When I returned to work after having my first child, a co-worker asked me how it was going, and I honestly said,“It’s a sweet time, but it’s areally hard time too. Med time feels impossible. Trying to get a newborn to take so much medicine twice a day feels impossible.” My coworker brushed off my response by saying,“oh my gosh! I know! My son has reflux and getting him to take his medicine is awful.”
That broke something between us. My coworker was comparing giving her son less than 1 ml a dose of meds for acid reflux, to me trying to give my child 30mls a dose to stop her seizing body. I had never felt so un-seen. So unheard.
I am the mother to a child with medical and special needs. Her genetics are a bit wonky and so she grows tumors without pause in her body. She has heart, eye, brain, kidney, and skin tumors. As she grows she will likely grow tumors in her lungs that will kill her. Genetics aren’t fair but they are what they are. And so we make the best of the life that we have with her, knowing it will never be fair, but aiming to live a REALLY GOOD life. I am also the mother to two neurotypical, healthy children so I also understand that having neurotypical, healthy children isn’t exactly a walk in the park. Being a mom is hard. HARD.
Now I am sure my coworker meant no harm, but she wasn’t able to hold in tension that my hard and her hard were different. They are BOTH hard. But they aren’t the same.
A couple years later my daughter had brain surgery. A surgeon cut open the bones on her skull, and entered her brain to remove a tumor that was causing 90% of her seizures. It was a last-ditch effort after multiple failed meds to try to gain seizure control. I don’t feel like I have to go into the fear and pain that surrounds your 17-month-old having brain surgery. I think all mothers and fathers can comprehend that reality.
A few months later my best friend’s daughter got tubes. My friend handled that situation beautifully, stating, “I’m scared, but I know it isn’t quite like brain surgery.” And the truth is, handing your child to any surgeon for any reason is SCARY. But she was correct, tubes aren’t like brain surgery. They are both scary, both hard, but they aren’t the same.
A few years after brain surgery, my daughter almost died of the common cold. She got a horrible pneumonia and it damn near killed her. But her life was spared. This experience has left a mark on us. When my other two neuro-typical, healthy girls get a cold and a fever I am concerned. It SUCKS when your kids are sick. You sleep less, you worry more, and it’s HARD. But when my oldest gets sick, a new level of fear enters my heart. A fever shows up and I wonder, does she have pneumonia? Will this be the cold that takes her from us? I don’t think those things about my other children.
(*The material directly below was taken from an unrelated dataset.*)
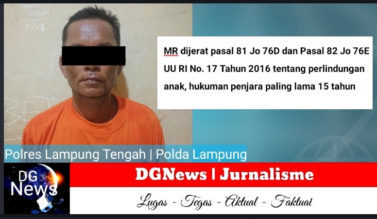 Jajaran Polsek Rumbia, Polres Lampung Tengah, Polda Lampung menangkap MR, setelah korban dirudapaksa untuk keempat kalinya di Kecamatan Bumi Nabung, Lampung Tengah, Jumat (22/4/24).
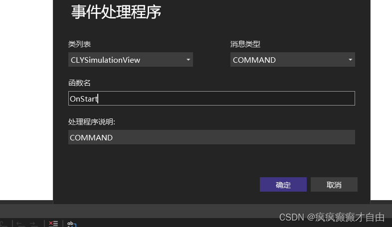 注意添加事件处理程序的时候,类列表要选择文件名+View这个类,否则后面会出错;

I didn’t fully understand these things until I had a child with special needs. I didn’t have this perspective until she was part of my reality.
When she was sick and dying, if my friends, or even people I knew had said, “Well, my kid is home with a cold, so what about them,” people would think those people were insane.
When she had brain surgery if someone commented saying, “My kid just got tubes. I get it,” people would roll their eyes, comment and suggest those things aren’t the same.
Yet, when we swap this story and involve the Black Lives Matter movement, white Americans feel it appropriate to say All lives matter.
OF COURSE THEY DO.
But that misses the point. It fails to hold perspective. It fails to hold the pain.
There are times when it is appropriate to hold in tension and with perspective what people are going through. There are times it is important to stand with people going through hard times. And NOW is one of those times.